AMFP’de bir değil, iç içe geçmiş birkaç hikâye anlatılacak. Bunlardan bazıları şimdiki, bazılarıysa geçmiş zamana ait olacak. Bazıları tartışmasız bir biçimde gerçekleri konu alırken bazıları da belki de sadece birer hayal ürünü olacak. Oyunun geçtiği mekanlar ise önceki yapıma göre daha büyük ve daha geniş olacak. Hatta bazen açık arazilerde bile dolaşmamız gerekecek. Yapımın Viktorya Dönemi İngiltere’sinde yani simyanın sınırlarının keşfedildiği, vücutları doğrayarak anatominin araştırıldığı, büyünün kol gezdiği bir çağda geçecek olması da atmosferi körükleyen bir başka etmen.

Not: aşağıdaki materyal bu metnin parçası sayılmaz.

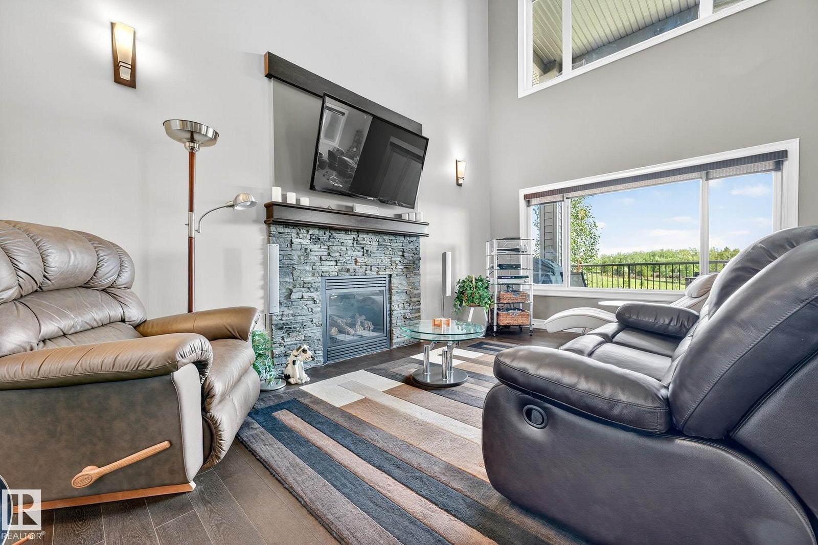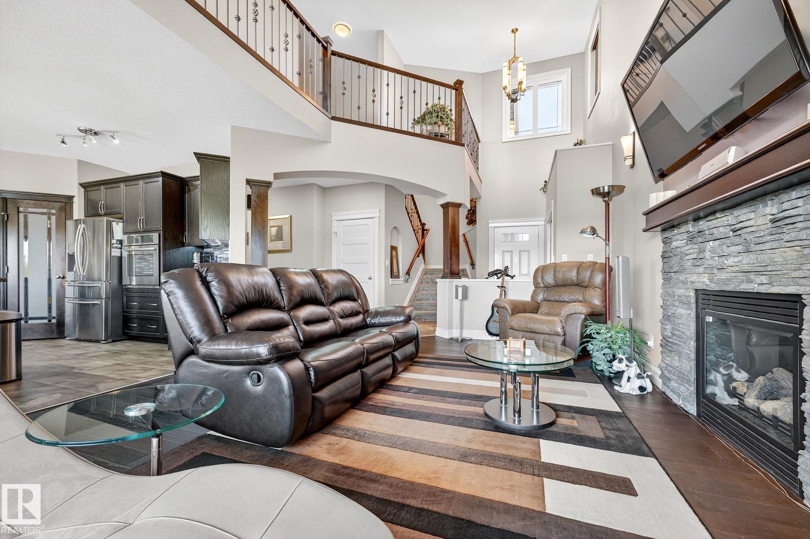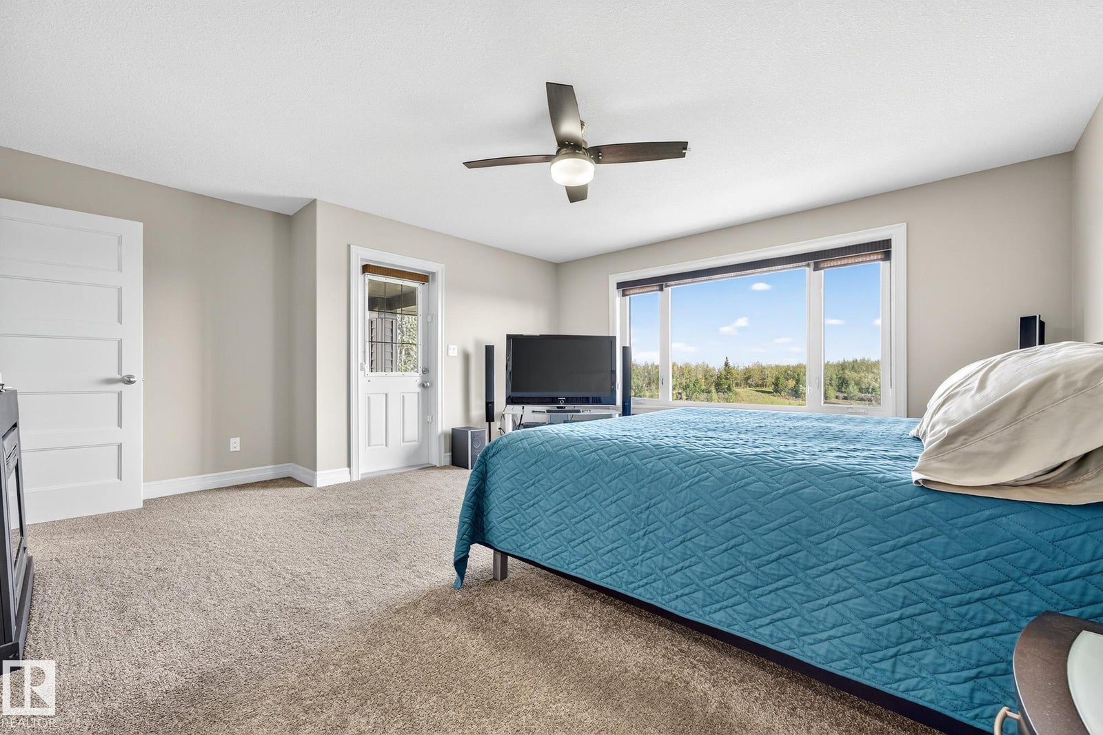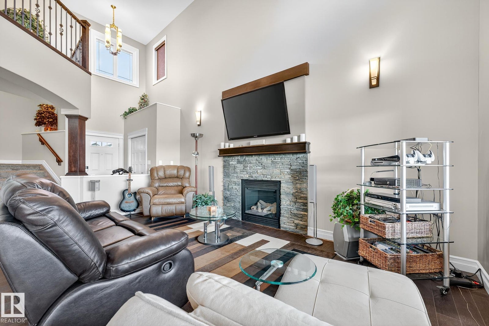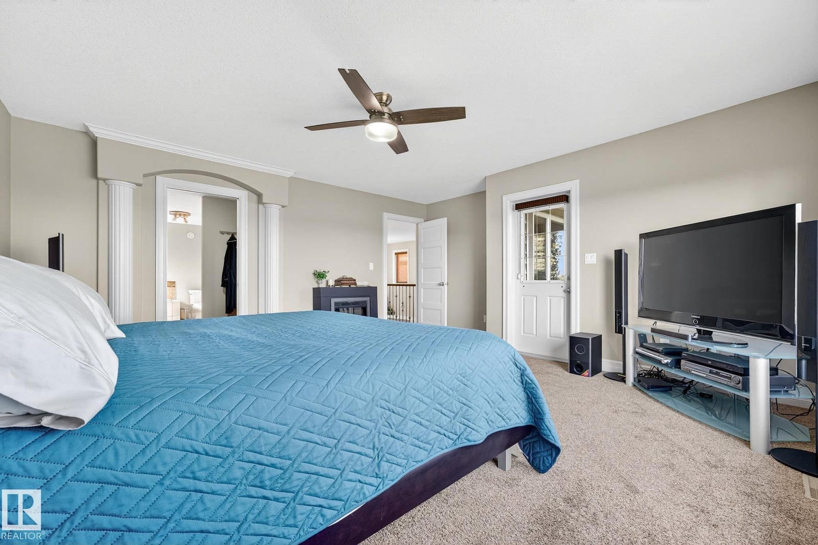 Welcome to this stunning 2-storey walkout in the desirable community of Trumpeter, offering rare lake views right from your backyard. The main floor is highlighted by soaring ceilings in the open-to-above living room, anchored by a stone fireplace and large windows that flood the space with natural light. The gourmet kitchen features granite counters, rich cabinetry, stainless steel appliances, a spacious island, and direct access to the dining area and deck overlooking the water. Upstairs, you’ll find 3 bedrooms, including a serene primary retreat with a private balcony, walk-in closet, and spa-inspired ensuite. The unfinished walkout basement leads to a beautifully landscaped yard with a stone patio, perfect for evenings around the fire while enjoying peaceful lake scenery. This property combines elegant interiors with a natural setting, creating a home that is both welcoming and impressive, while the location offers quick access to nearby parks, trails, and the conveniences of St. Albert and Edmonton.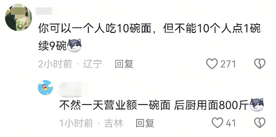 老板称,他的餐馆开业三年来,一直实行“一人一碗面,免费续面管饱”的规则,即顾客购买一碗面后,可免费添加面条,直到吃饱。但此规则针对的是“一人一碗”的个体消费,因此他无法接受“一碗面管一家人饱”的情况。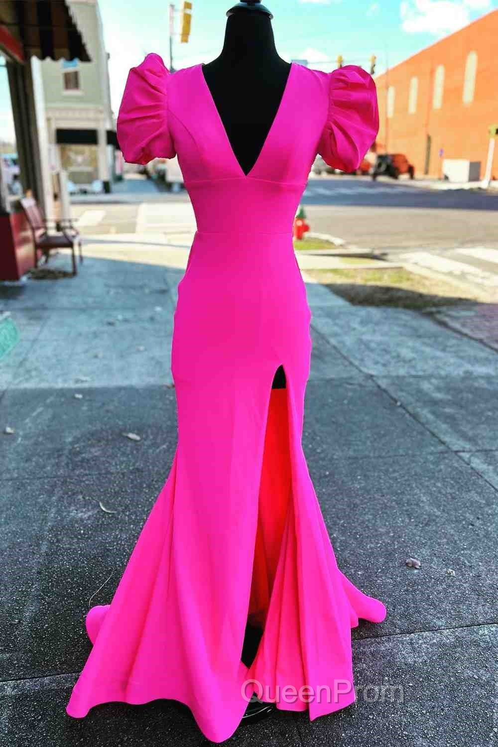 Deep V-Neck Hot Pink Mermaid Long Evening Prom Dresses With Balloon Sleeves
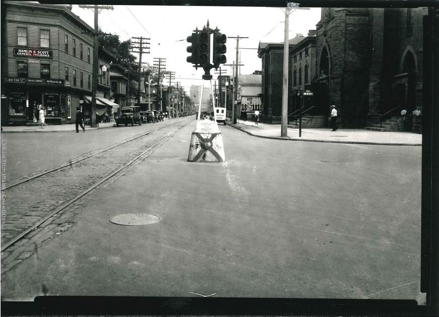 This was a Utica signal that I had never know about. The Utica Dummy Light was at the intersection of Columbia, Varick and Huntington Streets in Utica. Never knew there was one in Utica. They’re called a dummy light since they are set in the middle of the intersection, and not at the sides, corners or above (thus forming a crash hazard). These lights are placed like how traffic cop platforms were set dead center of intersections.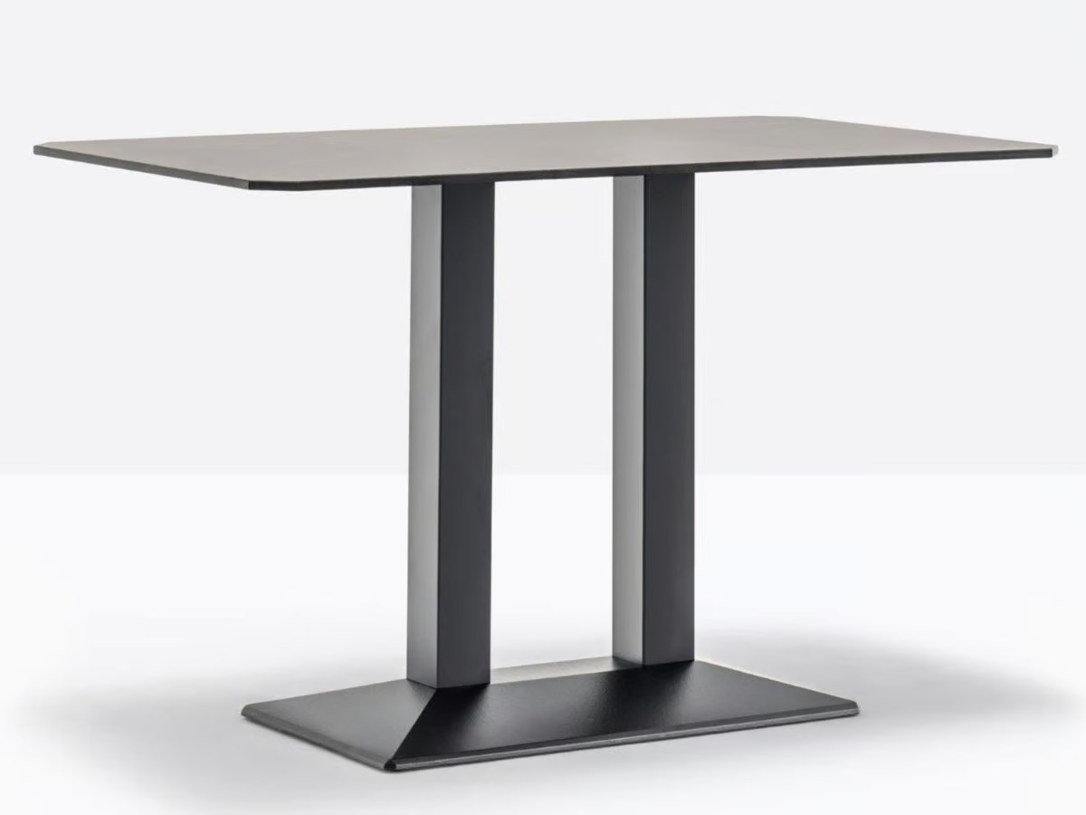 The QUADRA 4560 exemplifies stability and functionality through its solid geometric design. Featuring a pyramid-shaped base crafted from powder-coated, sand-blasted cast iron, it ensures durability and strength. The steel tube columns provide additional support, making it ideal for various settings. This modern design table is available with rectangular tops in multiple sizes and finishes, catering to diverse aesthetic preferences. Suitable for restaurants, conference rooms, coworking spaces, cafés, event venues, and educational institutions, it pairs seamlessly with ergonomic and stackable café chairs. The QUADRA 4560 is a versatile choice for those seeking reliable and stylish conference room furniture and dining tables.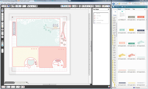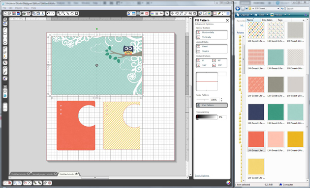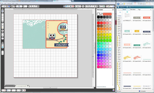 Lori has a cute owl and tree cut file that matches this collection in the owls set, I used the eyedropper under the Fill Color and selected colors from the collection so everything would match or you can fill them also with the digital paper. The sentiment is an element from the Sweet Life collection, to cut that out you need to first do a trace, that will be covered in another tutorial.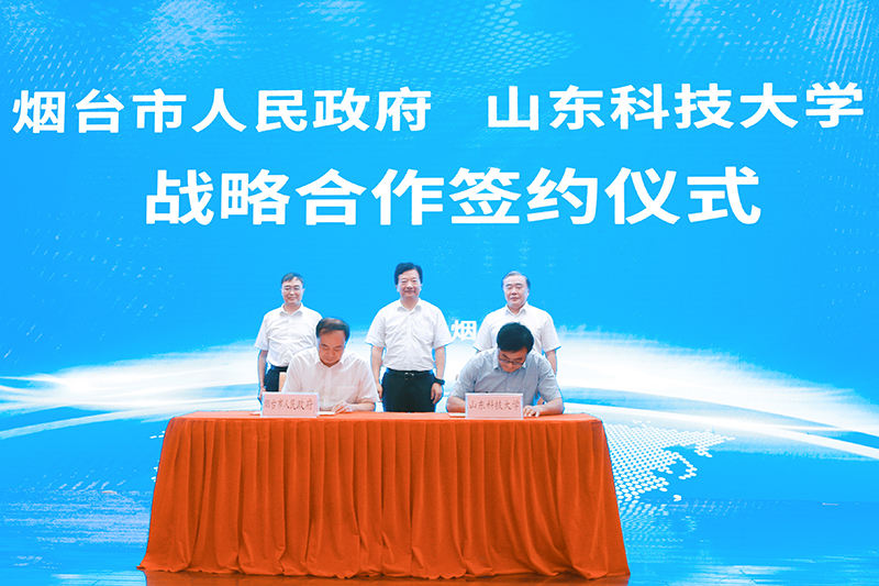 8月8日,山東科技大學與煙臺市政府舉行戰略合作協議簽訂儀式暨產學研現場對接會。山東科技大學黨委副書記、校長姚慶國,煙臺市委副書記、市長鄭德雁分別致辭,煙臺市副市長韓耀東主持,山東科技大學副校長張建,煙臺市委常委、組織部部長、統戰部部長高建廣出席儀式。張建與韓耀東代表雙方簽訂戰略合作協議。
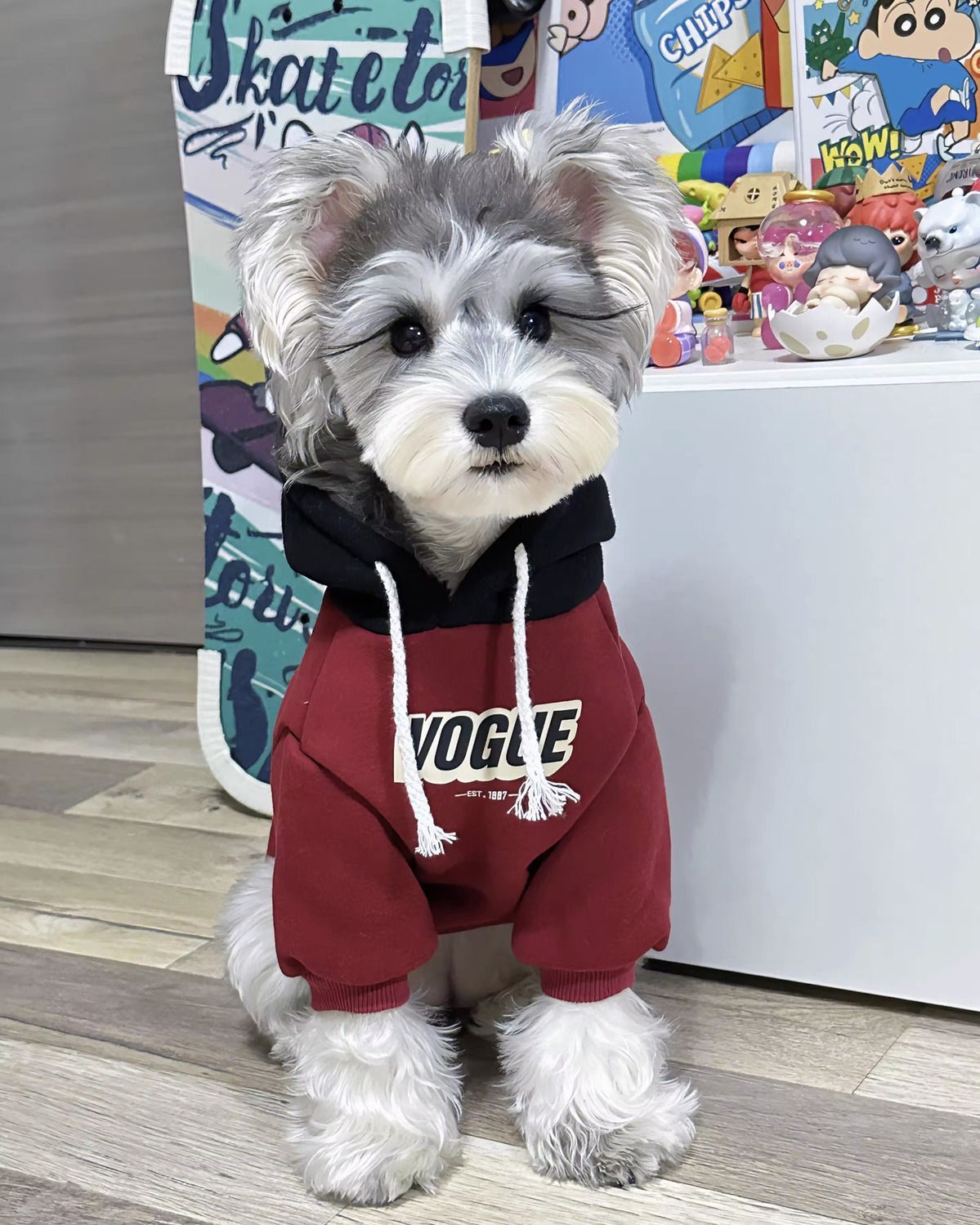 애완 동물 고양이와 개 옷 색상 차단 후드 플러스 벨벳 두꺼운 따뜻한 스웨트 셔츠 중소형 개스토어 가기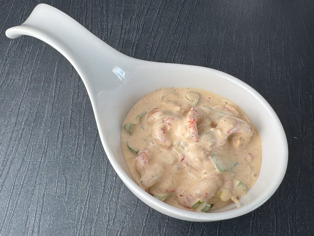 mit einer cremigen Cocktailsauce und einer dezenten asiatischen Würzung.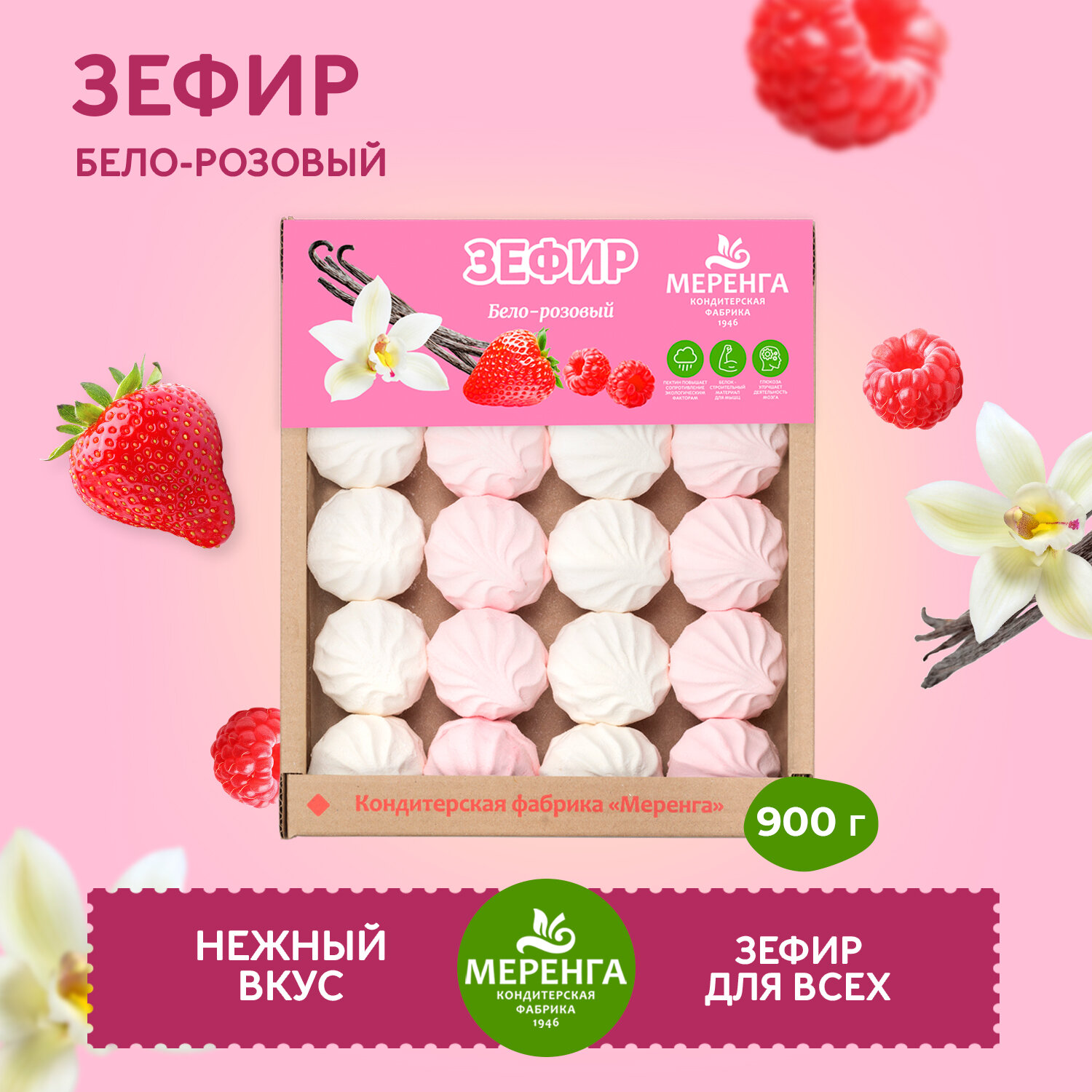 Зефир с ароматом ванили 900 грамм меренга / Классический зефир / Натуральный состав

Hatırlarsanız Dark Descent hakkında en çok konuşulan iki konu zamanının gerisindeki grafikleri ve başarılı fizik motoruydu. AMFP’de hâlâ aynı oyun motoru kullanıyor, fakat iyice geliştirilmiş ve cilalanmış bir versiyonunu. Yapımcıların dediğine (ve tanıtım videolarından anladığımıza) göre grafik anlamda öncüsünden çok daha iyi durumda olacak AMFP. Bu kez oyunda bir inventory ekranımız da bulunmayacak. Bu da karşımıza çıkan bilmeceleri, nesneleri birleştirmekten çok fizik motorunun nimetlerinden faydalanarak çözeceğimiz anlamına geliyor.
Korkuya çeyrek kala
Aslına bakarsanız A Machine For Pigs’in geçtiğimiz Ekim ayında bizlerle olması gerekiyordu. İlk başta sadece birkaç saat sürecek deneysel bir oyun olarak tasarlanıyormuş çünkü ve hazırlamak için çok fazla uğraş gerekmiyormuş. Fakat iki stüdyo arasındaki beyin fırtınaları sırasında ortaya çıkan parlak fikirler projenin gidişatını bir anda değiştirivermiş. Kolları sıvayan iki stüdyo oyuna pek çok yeni bölüm ve pek çok yeni fikir eklemeye başlamış. Oyun için Dear Eshter’da harikalar yaratan Jessica Curry tarafından yeni müzikler bestelenmiş, yeni hikayeler eklenip yeni bölümler tasarlanmış. Böylece bir anda kendilerini gerçek bir devam oyunu yaparken bulmuşlar. “İnsanların bu oyunu sabırsızlıkla beklediklerini biliyoruz. Ama güvenin bize, beklediğinize değecek,” diyor Dan Pinchbeck. Biz de öyle umuyoruz.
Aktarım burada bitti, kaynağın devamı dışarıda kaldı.